ROSTOV-ON-DON — As Vladimir Putin addressed his people in an hour-long speech announcing Russia’s recognition of the secessionist Donetsk and Luhansk People’s Republics in Eastern Ukraine, in one Irish pub in the border city of Rostov-on-Don interest was limited.
“I really, really hope there’s no war,” said 31-year-old bartender Roman Sazonov.
“I try to be as apolitical as I can be, but a war would be a total disaster,” adding that he is half-Ukrainian himself.
In the background, a few patrons watched the address — in which Putin denounced Bolshevik leader Vladimir Lenin for creating Ukrainian statehood — on their smartphones.
Others shared memes and videos poking fun at the news, one mock-announcing a 50% cut in the Russian ruble’s value.
They were reactions in line with public polling in Russia, which shows little appetite for a new war with Ukraine, in sharp contrast to the 2014 annexation of Crimea, which was met by widespread rejoicing from the population.
In Rostov-on-Don, which lies 95 kilometers from the breakaway Donbas region, news that Russia will send troops across the border hits harder than elsewhere in Russia.
Many locals have friends and family in the separatist strongholds of Donetsk and Luhansk, or even further afield in government-controlled parts of Ukraine.
Almost exactly eight years ago, Rostov provided refuge for the ousted pro-Russian Ukrainian President Viktor Yanukovych, after the Euromaidan revolution in Kyiv touched off the current confrontation between Ukraine and Russia.
Since then, Rostov has hosted tens of thousands of Donbas natives seeking work and safety across the border in Russia.
Over several days in and around the city, The Moscow Times saw substantial amounts of military hardware and many personnel moving in the direction of Ukraine.
The close ties between communities on each side of the border give many locals a clear sense of loyalty when it comes to the status of the Donbas.

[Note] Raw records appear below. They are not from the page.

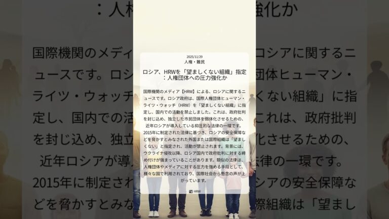 ロシア、HRWを「望ましくない組織」指定:人権団体への圧力強化か|HRW|2025/11/29|人権・難民
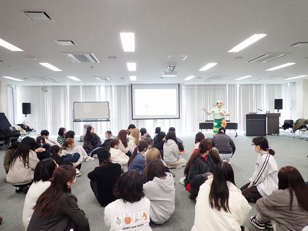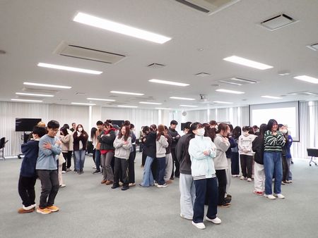 後半には、身体と心を使ったコミュニケーション・ワークショップが行われました。言葉だけに頼らず、全身を使って他者と関わること、そして何より楽しむことの大切さを通して、学生たちはコミュニケーションの本質を体験的に学びました。
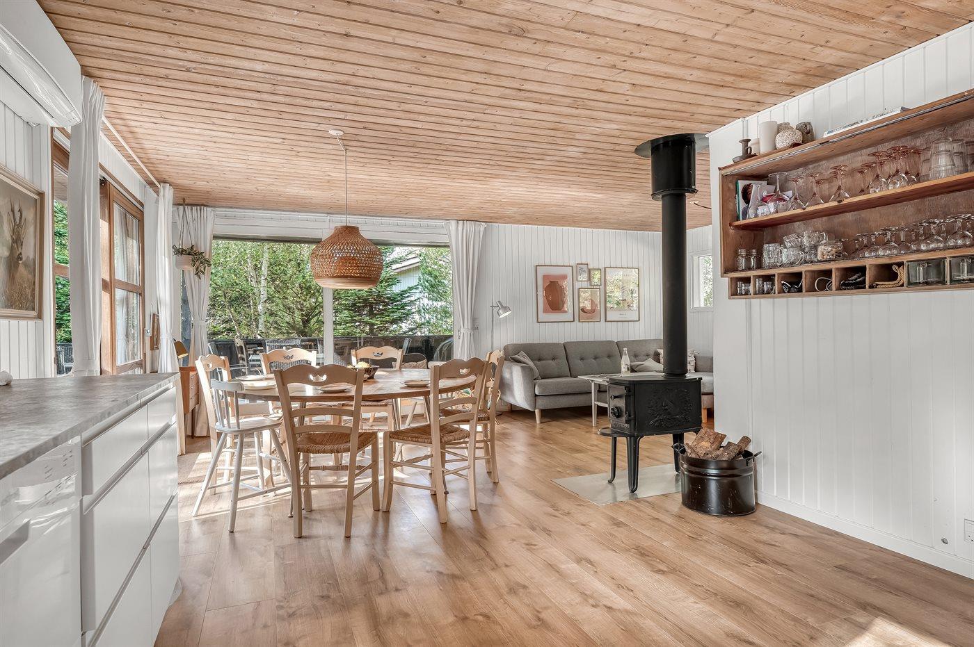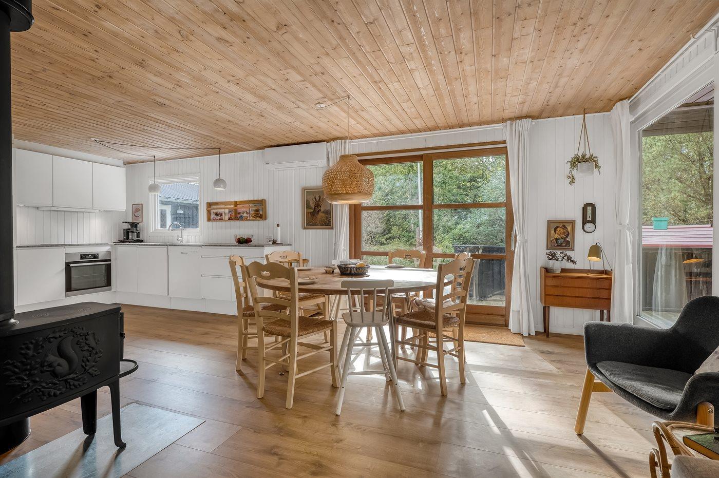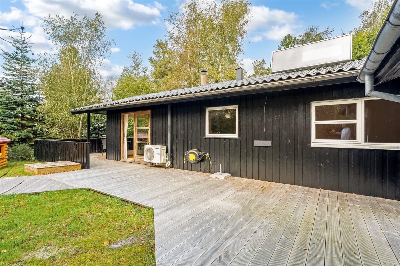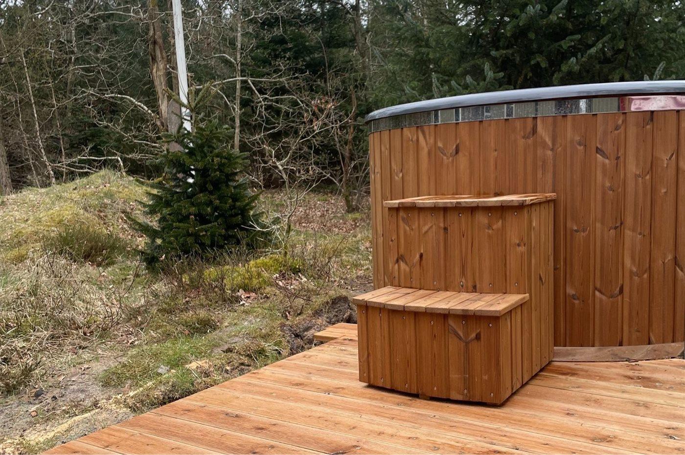 Udenfor finder I både en ny sydvendt terrasse og en hyggelig, overdækket terrasse på 8 m² med terrassevarmer – perfekt til kølige aftener. Og som prikken over i’et kan I slappe af i det udendørs vildmarksbad under åben himmel efter en dag fyldt med oplevelser i naturen.

An hour after Putin’s speech ended, taxi driver Sergei, 38, hadn’t heard the news, but greeted it with approval when informed of the president’s decision.
“Putin recognized the Donbas? Excellent,” he said.
“Of course, there are good and bad people in every nation, but the Ukrainians are moral prostitutes,” he added.
Despite such sentiments, no great clamor for war was evident on Rostov’s streets.
Late on Monday afternoon, as Putin held a televised meeting of his Security Council showing top officials lining up to state their support for recognizing the Donbas republics, Rostov’s riverside embankment was the picture of normality.
Across the river Don from the city’s massive new football stadium, built to host matches for the 2018 football world cup, locals were enjoying the winter sun as families strolled with children and old men fished.
The only hint of the historic events unfolding hundreds of miles away in Moscow was two teenage girls sitting on a bench streaming the pre-recorded meeting on their smartphones.
Even among some natives of the Donbas, most of whom support recognition and ultimately annexation by Russia, reaction to the news was cautious.
Although the state-controlled news agency RIA Novosti published videos purportedly showing celebrations and firework displays in Donetsk in reaction to the news, other locals felt as though the region’s troubles were not over yet.
Alexander Karpak, 28, a native of the industrial town of Alchevsk in the Luhansk People’s Republic who now lives in the Russian city of Voronezh, told The Moscow Times in a telephone interview that the decision to recognize the Donbas led to what he termed “cognitive dissonance.”
Though Karpak supports recognition of the People’s Republics, he said that since coming to Russia, he has become a critic of Putin and a supporter of jailed opposition figure Alexei Navalny. Monday’s announcement put him in the unfamiliar position of approving of the president’s actions.
Even so, Karpak, whose family remain in Alchevsk, said he worried about war, and felt none the wiser about what would happen to his hometown next.
“Hopefully it’ll be more peaceful, but then why would they have conscripted the entire male population?” he wondered, referring to the Luhansk authorities drafting men into the army.
“At the end of the day, we’re all just spectators, staring with open mouths at what’s happening,” he added.